Top of INFORMATION SHOWN

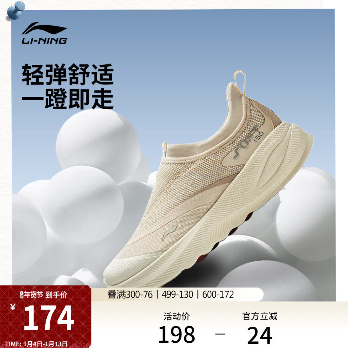 李宁SOFT GO 2丨休闲鞋女鞋新款潮流一脚蹬轻便舒适跑步运动鞋子
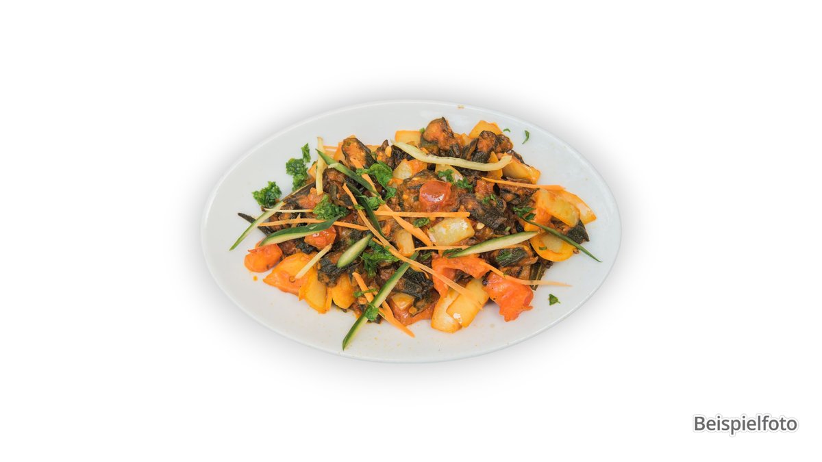 with various fried vegetables, curry and tandoori spices
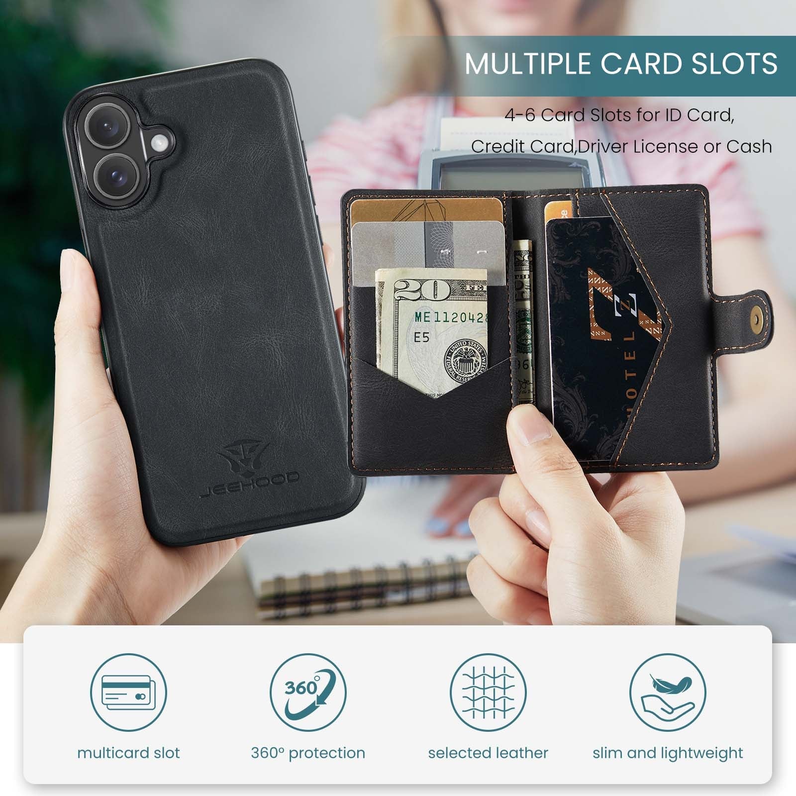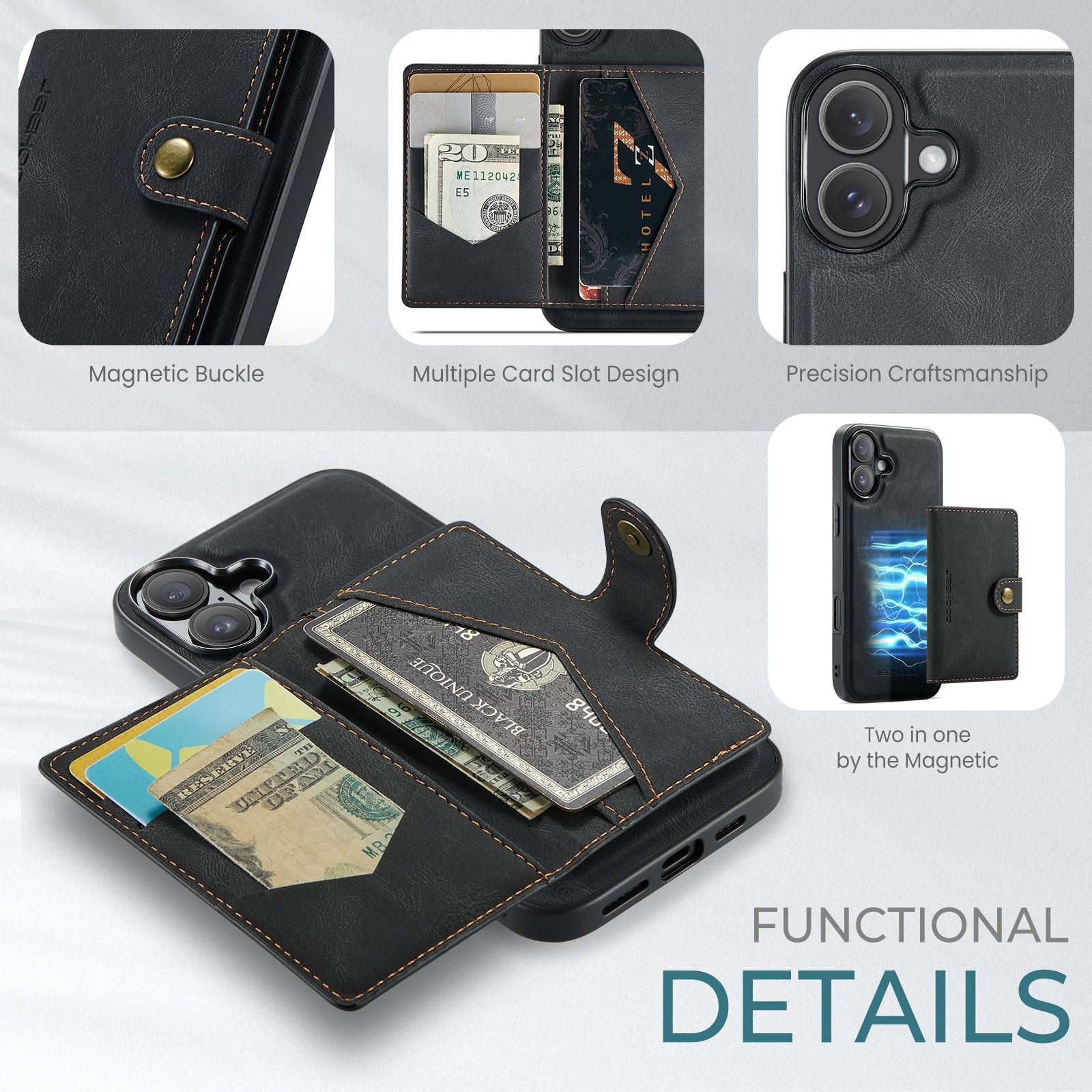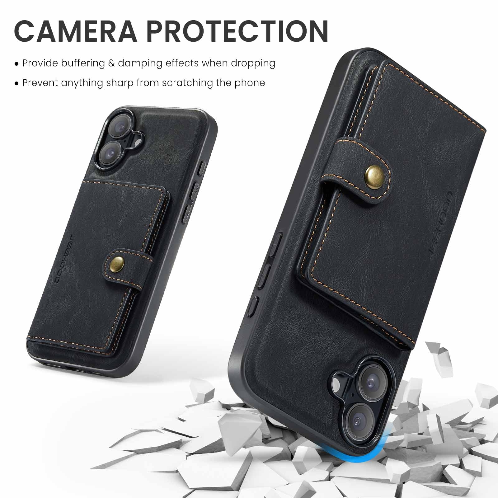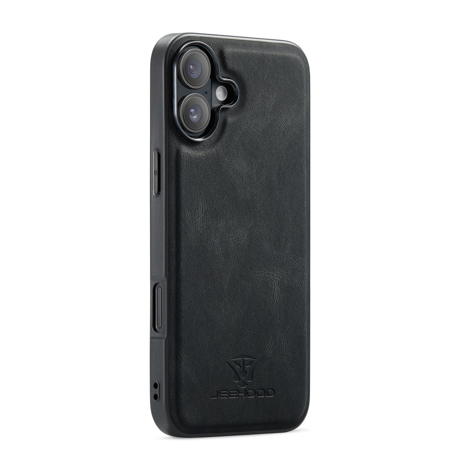 For iPhone 16 Plus Case JEEHOOD J01 Retro Leather + TPU Phone Cover Detachable Magnetic Card Holder - Black
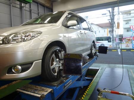 走行安定性・編摩耗軽減の為のタイヤの角度調整(アライメント)も実施
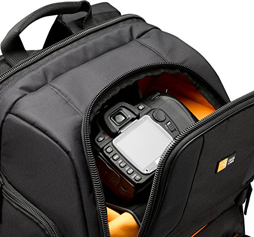 Backpack holds SLR camera body with attached zoom lens, laptop and additional accessories
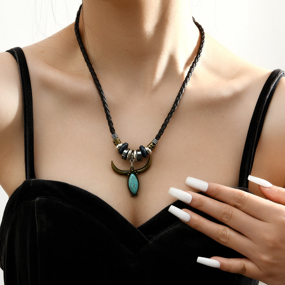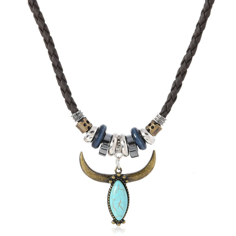 Wholesale Leather Western Cowboy Turquoise Bull Head Necklace
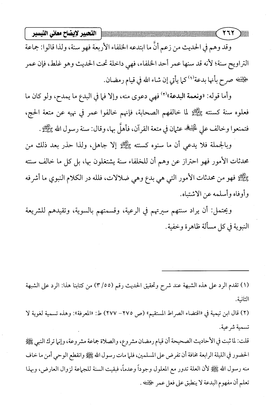 قلت: لما ثبت في الأحاديث الصحيحة أن قيام رمضان مشروع، والصلاة جماعة مشروعة وإنما ترك النبي - صلى الله عليه وسلم - الحضور في الليلة الرابعة مخافة أن تفرض على المسلمين، فلما مات رسول الله - صلى الله عليه وسلم - وانقطع الوحي أمن ما خاف منه رسول الله - صلى الله عليه وسلم - لأن العلة تدور مع المعلول وجوداً وعدماً، فبقيت السنة للجماعة لزوال العارض، وبهذا تعلم أن مفهوم البدعة لا ينطبق على فعل عمر - رضي الله عنه -.
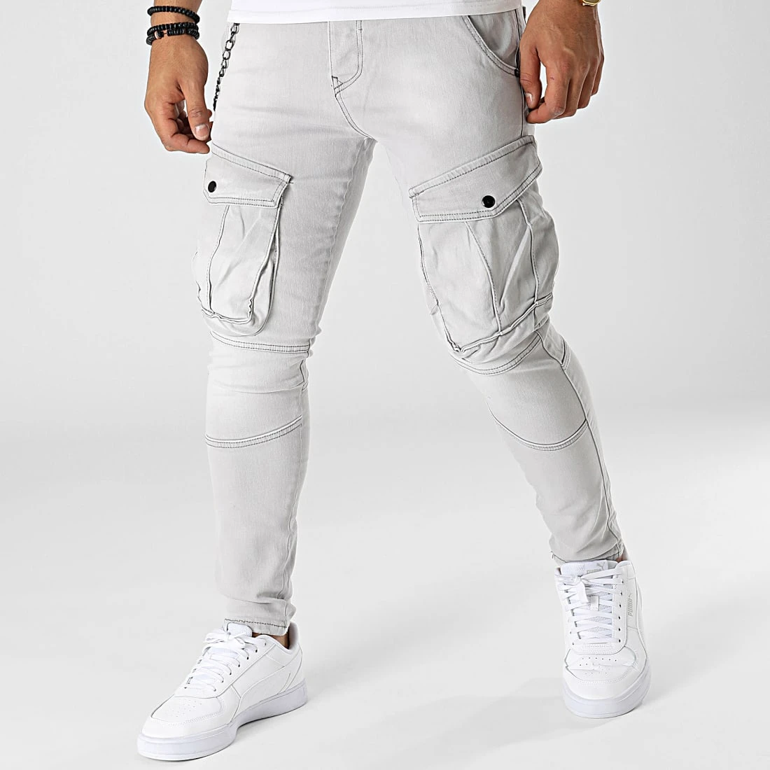 • Jean skinny tendance avec chaîne métallique amovible
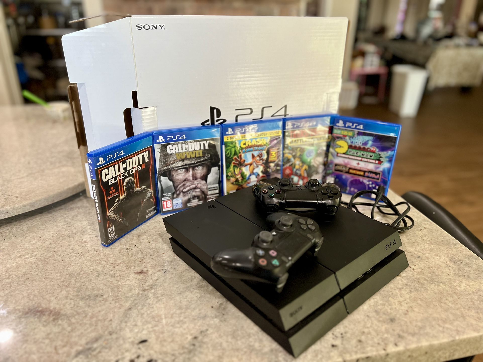 PlayStation 4 in great working condition. Adult-owned, clean, and tested. Includes: • PS4 console • 2 DualShock 4 controllers • Power & HDMI cables • Original box • 5 games (COD, Crash Bandicoot, Pac-Man, more) Ready to play. Local pickup – Phoenix Cash / Venmo / Zelle Serious buyers only.

Bottom of INFORMATION SHOWN

• **REQUIREMENT**: Copy exactly the lines from the line that has "with various fried" through the last line of the entries above, inclusive, and no others. Pictures do not go in the copy.

• **OUTPUT BELOW**:
 with various fried vegetables, curry and tandoori spices
 For iPhone 16 Plus Case JEEHOOD J01 Retro Leather + TPU Phone Cover Detachable Magnetic Card Holder - Black
 走行安定性・編摩耗軽減の為のタイヤの角度調整(アライメント)も実施
 Backpack holds SLR camera body with attached zoom lens, laptop and additional accessories
 Wholesale Leather Western Cowboy Turquoise Bull Head Necklace
 قلت: لما ثبت في الأحاديث الصحيحة أن قيام رمضان مشروع، والصلاة جماعة مشروعة وإنما ترك النبي - صلى الله عليه وسلم - الحضور في الليلة الرابعة مخافة أن تفرض على المسلمين، فلما مات رسول الله - صلى الله عليه وسلم - وانقطع الوحي أمن ما خاف منه رسول الله - صلى الله عليه وسلم - لأن العلة تدور مع المعلول وجوداً وعدماً، فبقيت السنة للجماعة لزوال العارض، وبهذا تعلم أن مفهوم البدعة لا ينطبق على فعل عمر - رضي الله عنه -.
 • Jean skinny tendance avec chaîne métallique amovible
 PlayStation 4 in great working condition. Adult-owned, clean, and tested. Includes: • PS4 console • 2 DualShock 4 controllers • Power & HDMI cables • Original box • 5 games (COD, Crash Bandicoot, Pac-Man, more) Ready to play. Local pickup – Phoenix Cash / Venmo / Zelle Serious buyers only.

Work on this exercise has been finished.